I just won an aerospeed short throw shifter for my 98 200sx se. Not entirely sure of the process to go through to install it..although i havent looked to try and figure it out yet either....
.. help appreciated.


----------



## Scott (Apr 15, 2002)

If you haven't looked how do you expect to find the instructions?

There's an article from June 2001 in NissanPerformanceMag.com on how to install one. I'd give you the link, but I think you can handle that part. Search engines work wonders!


----------



## Guest (Sep 10, 2002)

Get a hayns manual.. Theres instructions in there on how to install a shifter... But before you do it I am going to warn you about the aerospeed shifter. The heat shield that resides under the shifter (you will see it during installation... Binds on the shifter. It happened to me. You have to hammer it down a little or shime it. either or... And also you have to reuse oem parts so don't damage anything when removing the oem stuff. The best thing to do though is toss the aerospeed one and go buy a B&M shifter.... fits great, don't need to use oem parts because it replaces the whole assembly... That's what happened to me... I was not very satisfied with the aerospeed and the B&M kicks but.


----------



## Yosho (Aug 11, 2002)

What type of help do you need? I just did mine last weekend so it's fresh in my mind... I also took notes so I can have it up on my future webpage as a how-to writeup.

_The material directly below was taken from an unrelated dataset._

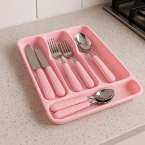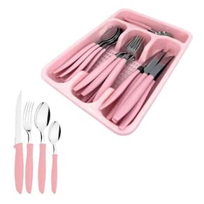 Conjunto de Talheres Rosa 24 Peças Porta Talher com Divisão Conjunto de Talheres Rosa 24 Peças Porta Talher com Divisão ===================================== Com design moderno e cabos na cor rosa, este conjunto oferece praticidade sem abrir mão da elegância, sendo perfeito tanto para uso diário quanto para ocasiões especiais.

Honestly it's pretty self evident once you look at it. You'll need to unbolt the cat from the downpipe and at least one side of the exhaust hanger at that connection. That'll give you access to the heat sheild which you'll need to unbolt. Behind that is the shifter assembly. It's simply a matter of unbolting it from there... (there are 2 bolts on top of the assembly that you'll need to unbolt in the cabin... just pop the shifter boot off to get to them).

If you need any specific help, just ask.


----------



## Guest (Sep 16, 2002)

i put it in today in autotech class, no trouble at all. Btw, all those who said arospeed sucks, it made a big difference and feels much better for a $40 shifter vs $150 B&M shifter.


----------



## Jaggrey (Sep 16, 2002)

Keep us posted on your progress.

For those of you that have short-throw shifters, how do you like them? Is there a significant difference between it and the stock shifter? I just recently learned to drive stick, so I'm still a "novice" user (though I think I'm getting good at it ).


----------



## Yosho (Aug 11, 2002)

I really like my SMC... since it's adjustable for throw and hight, I adjusted it about 2/3rds of the way down. That gives it a very short throw, but not too short. Too short is all the way down IMHO. It's just a bit much for a daily driver. 

This is certainly a good improvement but I'd get used to the stock throw first if you're new to driving a manual. I think it'd be a little easier for someone new to stick to miss shift with a short shifter.


----------



## wickedsr20 (Aug 8, 2002)

Absolutely love mine. When you get the hang of it (not long at all), you might find out you don't miss as many shifts at all. Noticeable difference in the way it performs and feels.


----------



## Guest (Sep 22, 2002)

I just put my B&M in today. WOW! What a difference. I love it. Actually, it really surprised me. It took the stock throw of 5.5in from 3rd to 4th down to 2.2in. The height of the shifter knob alot lower as well (sticks not as tall). After 6 years of the same stick that part will take a little gettin' used to.

Overall, well worth the money! Buy one now!


----------